Strempek finds numerous benefits in two-way communication for water monitoring. “With customers who have high usage, you can set the reading to occur more frequently,” he says. “We also work with customers to monitor water usage if their property will be vacant for an extended period. We’ve been successful in identifying usage spikes or other problems and alerting customers.”

Before long, Strempek extended his influence beyond village borders. Co-worker Joe Spain, a member of the Illinois Section American Water Works Association (ISAWWA), invited him to join the group’s technology committee (T-CON), thus exposing him to the water industry and enabling him to learn more about the water department.

After attending a meeting, Strempek liked what he saw and joined the committee, becoming its only “non-water” person. He quickly understood the dynamic between technology and the water system operations. “I was the only exclusive IT person on a technology committee for an industry in which I had a lot to learn,” he recalls. “It was a great learning experience for all of us. It’s a two-way street where we share a lot of information, and the education is invaluable.”

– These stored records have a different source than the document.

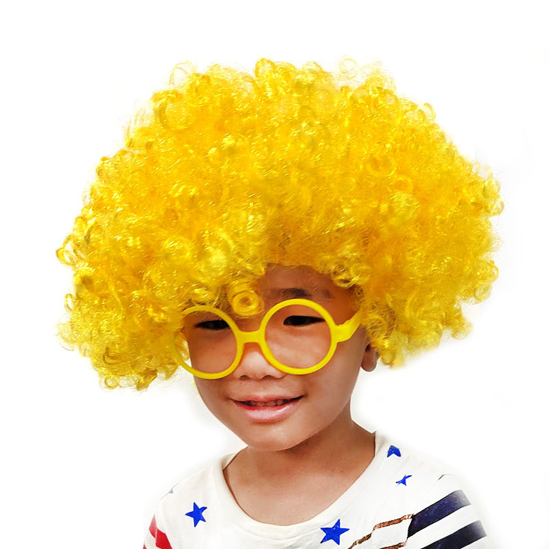 新品帶眼鏡框彩色爆炸頭假發套球迷發飾頭套兒童裝扮道具活動氣氛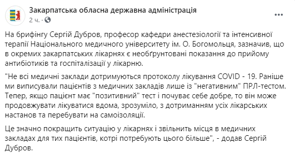"Не все медицинские учреждения придерживаются протокола лечения Covid - 19. Ранее мы выписывали пациентов из медицинских учреждений только с "негативным" ПЦР-тестом. Теперь, если пациент имеет "позитивный" тест и чувствует себя хорошо, то он может продолжать лечиться дома, понятно с соблюдением всех лекарственных установок и находиться на самоизоляции. Это значительно улучшит ситуацию в больницах и освободит места в медицинских учреждениях для тех пациентов, которые нуждаются в этом больше", - добавил Сергей Дубров.
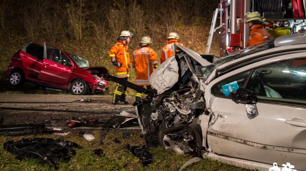 Drei Personen zogen sich bei einem schweren Verkehrsunfall am Samstagabend auf der Landesstraße 1100 schwere Verletzungen zu. Ein 64 Jahre alter Renault-Fahrer war gegen 20:15 Uhr
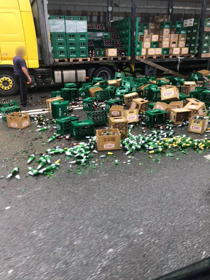 O veritabilă ”tragedie” pentru băutorii de bere s-a petrecut astăzi în județul Maramureș, pe Mesteacăn. Un TIR care transporta lăzi și butoaie cu bere a fost implicat într-un incident rutier. Sute de sticle cu bere au ajuns pe carosabil, distruse, chiar înainte de 1 mai.

He now chairs the committee, which hosts an annual conference and meets monthly. “They are a very productive group of people coming together and working toward common goals,” he says. Serving the committee helps him stay on top of trends. He shares his successes with members and applies what he learns from them to new projects in Norridge.

Shifting technology

The village’s AMR system will soon go through a software upgrade, and meanwhile Strempek is involved in another major initiative. In 2007, Norridge became part of the GIS Consortium (GISC) of 23 Illinois municipalities working to develop GIS solutions. The communities involved have broad backgrounds in GIS technologies and share an objective: to achieve the full benefits of GIS by maximizing value while reducing cost and risk.
Norridge, the smallest community in the group, joined after independently working on GIS with an engineering firm. The village recognized the advantages of a fully integrated GIS program in which it shares costs and resources with its neighbors.

“Hiring a GIS resource for Norridge would not have been cost-effective,” says Strempek, who represents the village on the consortium. “As part of the consortium, we have power in numbers and scale.” Norridge is working on a project to interface GIS with the AMR. By tying all systems together — from meter reading to billing to sharing of police department information — the village will be able to access more data and provide better information. Strempek anticipates this will lead to greater communication between departments.

“If the meter transmission unit isn’t relaying information, the system will try to plot other units in the surrounding areas to identify any common issues,” Strempek says. “It may be a simple interference in the area like a pile of leaves or new construction that is blocking the signal. Tying GIS into all the systems — from the water department to the police department to administrative tasks — offers the village one common location from which we can retrieve data and solve issues. It will eliminate the need for multiple databases.”  

Earned recognition

For his work on behalf of Norridge and the T-CON committee, the ISAWWA honored Strempek with its 2013 Young Professional Excellence Award, acknowledging commitment to the organization and the water profession.

Strempek is simply glad to be able to help a community he loves. He considers it important for smaller communities to share information instead of going it alone. “If you’re doing an upgrade, learn from other communities,” he says. “Do surveys. Ask other people who have done what you’re looking to do. Approach the organizations and committees that are there to help you.”

Strempek says Norridge has the advantage of learning from the growing pains of its larger neighbors: “We learn to adapt what they did and what fits for us.” The technologies he put in place have brought efficiencies that position Norridge to succeed in the 21st century.